User talk:Peter Damian/Free will draft

Page contents not supported in other languages.
From Wikipedia, the free encyclopedia

Guide to professionally reviewed flagship articles[edit]

  • The article should be no longer than 8,000 words (= about 70,000 bytes)
  • The article should include all the major topics or branches of the subject, weighted according to their current importance. Other tertiary sources can be a useful guide.
  • The introduction should be no longer than 500 words. It should broadly summarise all the major claims in the body of the article, proportionately handled, without additional claims.
  • Pictures for the introduction should as far as possible be representative of the whole subject or section.
  • The history section should follow the introduction, briefly covering all the major developments of the subject
  • Avoid over-referencing, i.e. referencing claims that are obvious or uncontentious. There should be no references in the introduction. All other claims should be referenced. To avoid duplicating references, choose the most authoritative and most relevant source.
  • There should be no original research. Claims should be fully supported by references. There should be no 'synthesis', i.e. combining material from multiple sources to reach or imply a conclusion not explicitly stated by any of the sources, or combining different parts of one source to reach or imply a conclusion not explicitly stated by the source. See WP:SYNTH
  • The writing style should be consistent with Wikipedia's status as a general reference work (it is not a PhD thesis or scholarly article or undergraduate lecture notes). Avoid obscurity, including technical terminology where possible. Always define key terms in the article itself.

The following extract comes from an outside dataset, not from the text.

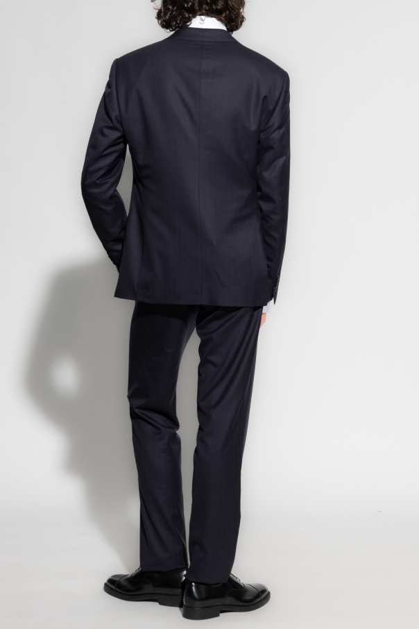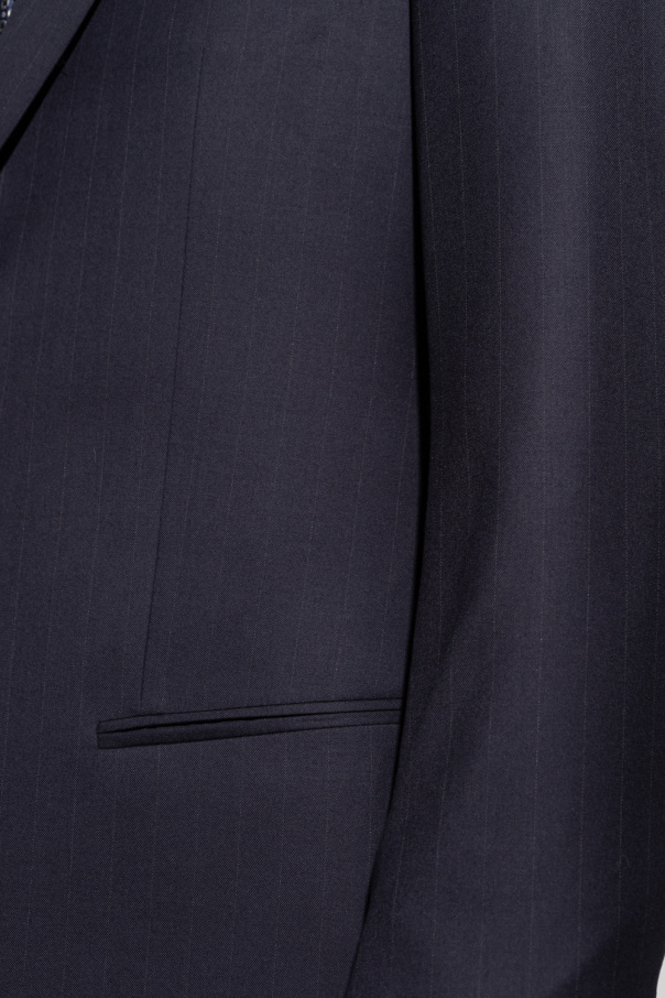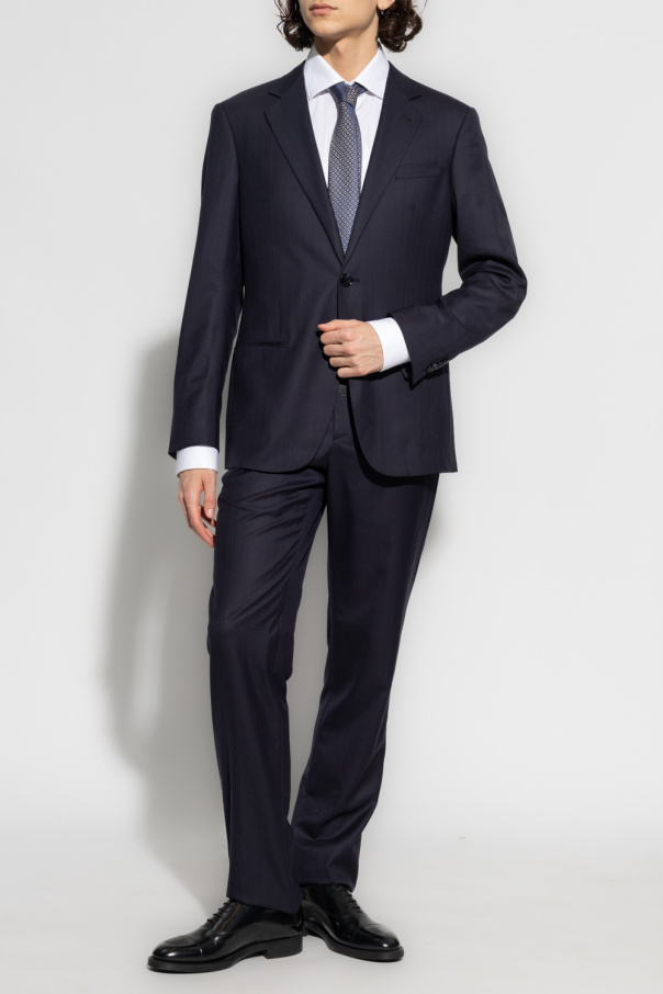 Navy suit from Giorgio Armani. Made of wool, this set is decorated with a pinstripe pattern. The blazer features notch lapels, button fastenings, long sleeves and double rear vent. The trousers feature a zip and button closure, two front pockets, two buttoned back pockets and slightly tapered leg.

Aim at presenting the most difficult material in a clear, simple and preferably elegant way.
  • Claims should be presented in logical or temporal order.

History section[edit]

One of the first to define free will is Aristotle, who defines it as 'alternative' (ὁπότερ’) in chapter 9 of On Interpretation

μηδὲν δὲ ὁπότερ’ ἔτυχεν εἶναι ἐν τοῖς γιγνομένοις, ἀλλὰ πάντα εἶναι καὶ γίγνεσθαι ἐξ ἀνάγκης (there are no real alternatives, but that all that is or takes place is the outcome of necessity). Bu then there would be no need to deliberate or to take trouble, on the supposition that if we should adopt a certain course, a certain result would follow, while, if we did not, the result would not follow. (ὥστε οὔτε βουλεύεσθαι δέοι ἂν οὔτε πραγματεύεσθαι, ὡς ἐὰν μὲν τοδὶ ποιήσωμεν, ἔσται τοδί, ἐὰν δὲ μὴ τοδί, οὐκ ἔσται).